Правда, этим же вечером мне пришлось пообещать, что завтра я останусь дома, а сегодня на ночь выпью лекарство. И завтра утром выпью, и днем, и хоть литр сразу, ты только зайди после школы, хотелось сказать, но я благоразумно промолчала.
Хотя, то, что я решила полечиться, оказалось к лучшему. Где-то около двенадцати мама обрадовала меня тем, что возвращается не позднее, чем сегодня в четыре, встречать ее не нужно – ей помогут донести небольшой чемодан и большой пакет с гостинцами для любимой дочки.

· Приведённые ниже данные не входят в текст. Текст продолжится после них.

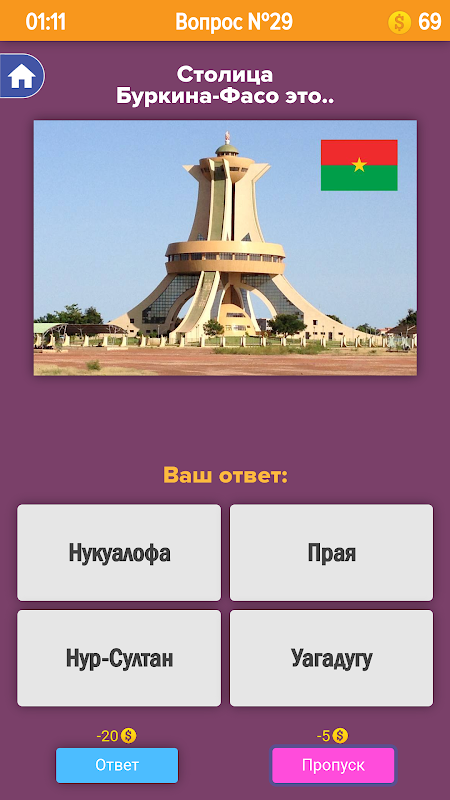 В этом приложении Вы сможете проверить и улучшить свои знания в области географии, а именно - столицы стран мира. Если Вы не знаете ответа на вопрос - его всегда можно пропустить кнопкой "Пропуск", а узнать правильный ответ при помощи кнопки "Ответ". За правильные ответы Вам будут начисляться поощрительные монетки, а за неверные - списываться. К пропущенным вопросам всегда можно будет вернуться позже.
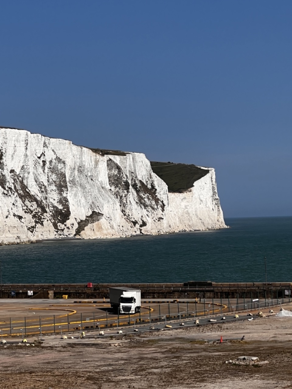 Zum Glück müssen wir uns nicht stressen und können noch mal gemütlich an der Küste entlangfahren, unterwegs noch ein paar englische Leckereien einkaufen und dann im Hafen einchecken. So der Plan! Bis Miri zufällig noch mal die Abfahrtzeit der Fähre checkt: Da steht nicht 17:00, sondern 14:30 Uhr…. Zwei Stunden Fahrt bis nach Dover, tanken, kurz einkaufen und bis 12:30 Uhr im Hafen sein: Nachdem wir alles durchgerechnet haben und das Gefühl der Panik verflogen ist, sind wir froh, dass wir so früh aufgestanden sind. Wir atmen durch und fahren los. Der Berufsverkehr verlagert sich auf die Hauptstrecken und wir kommen ohne Stau durch die kleinen Orte an der Küste. Allerdings ist nicht viel zu sehen.
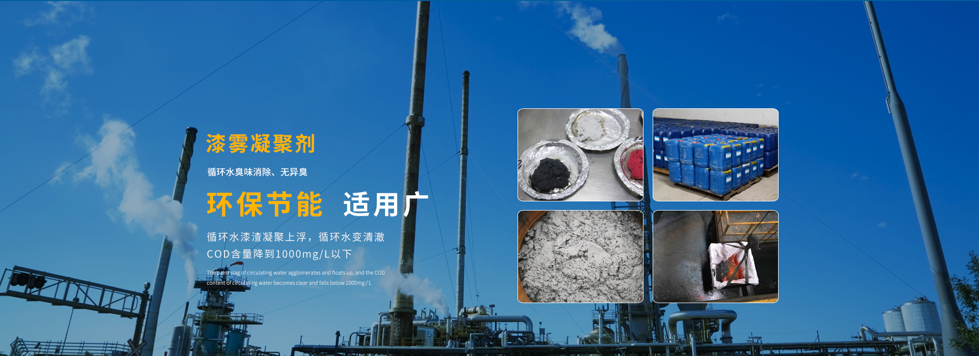 漆霧凝聚劑由破粘劑和絮凝劑組成,破粘劑大多由中等分子量的陽(yáng)離子聚合物組成,電荷極高,對(duì)漆滴能產(chǎn)生很強(qiáng)的吸引力,當(dāng)漆滴被“捕捉”吸附后它利用二極不同的親和性將漆滴完全包裹,并穿透漆滴,破壞涂料的功能基團(tuán),使其完全消除粘性,并帶動(dòng)被包裹破粘的漆滴上浮。絮凝劑大多由分子量幾千萬(wàn)的聚合物組成,通過在分子之間的“架橋”作用,聚集被破壞的漆霧和雜質(zhì)成較大的基團(tuán),使其堅(jiān)固和粘合,增強(qiáng)機(jī)械脫水的效率。絮凝劑還可中和系統(tǒng)電荷,保持系統(tǒng)中的離子平衡,且分子量較大,使凝集基團(tuán)在系統(tǒng)中上浮速度加快,并結(jié)成漆渣浮于水面。
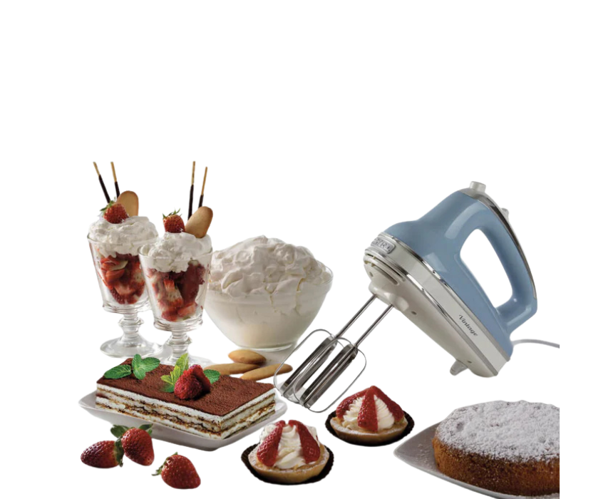 The Vintage Electric Mixer is a 450W multifunction mixer designed to speed up processing and improve ingredient homogeneity. With 5 speeds plus a Turbo function, it comes with two electric whisks for whipping and kneading, making it ideal for cakes, bread, pizza dough, and whipped cream. Its vintage design, ergonomic handle, and easy-extract whisks combine style and functionality for effortless baking at home.

Папа, должно быть, обрадовано решила я и заметалась по комнате, хватаясь то за уборку, то за приведение себя в надлежащий здоровый вид.
Все оказалось не так уж и плачевно: еще в пятницу вечером, не зная чем занять себя, я убрала во всех комнатах, хотя искренне ненавижу это занятие, поэтому осталось только пропылесосить и вытереть пыль, да лекарства подальше спрятать – незачем маме знать, что я болела, а справку мне обеспечит Кирилл. Это Дима пообещал, выслушав мой довод на тему того, что придется предоставлять записку – а написать ее мне просто некому.
К слову о Диме: у него, к сожалению, никак не получалось прийти раньше четырех, поэтому пришлось ограничиться разговором по телефону. Да и, если честно, не знаю, что бы было, застань его мама у меня дома – учитывая, как остро она реагировала на то, что я с ним вообще общаюсь.
Но, стоило ключу заскрежетать в замке, я выбросила все эти мысли: наконец-то моя дорогая мамочка вернулась! Кто бы знал, как мне ее не хватало, как хотелось обнять ее, прижаться, как в детстве, забыть обо всех проблемах.
Я бы и сейчас прижалась к ней и не отпустила бы никогда, а не ограничилась короткими объятьями, если бы не один факт.
Это был не папа.
– Дорогая, познакомься, это Антон. Мы познакомились с ним в санатории, – мама искренне улыбалась, – и теперь он любезно согласился помочь мне. Антон, можешь поставить сумки тут, а сам проходи в зал, это прямо по коридору.
– Приятно познакомиться, Маргарита, – не моргнув глазом, соврал мужчина с улыбкой; только в пугающе темных глазах этой улыбки не было. – Лена, давай я занесу вещи сразу куда нужно, чтобы они не мешали.
– Как хочешь, – мама и не прекращала искренне улыбаться, следуя за гостем. И ни он, ни она не видели, как я буквально сползла вниз по стенке, прижимая ладони к разбушевавшемуся сердцу.
Значит, Антон. Но что, черт побери, ему нужно от мамы?!
__________
Тяньаньмэнь (пер. Врата Небесного Спокойствия) – самая большая площадь в мире, находится в Пекине, Китай. Ее размеры – километр на полкилометра. Неудивительно, если учесть, сколько людей проживает в Китае.
В связи с тем, что в этом безобразии число страниц перевалило за сто, позволю себе пару слов от автора:
Во-первых, спасибо всем тем, кто читает, оставляет отзывы, да даже если и не оставляет – все равно вам спасибо. Но с отзывами все же лучше: хоть два слова, а автору приятно :) Не воспринимайте всерьез, я не навязываюсь.)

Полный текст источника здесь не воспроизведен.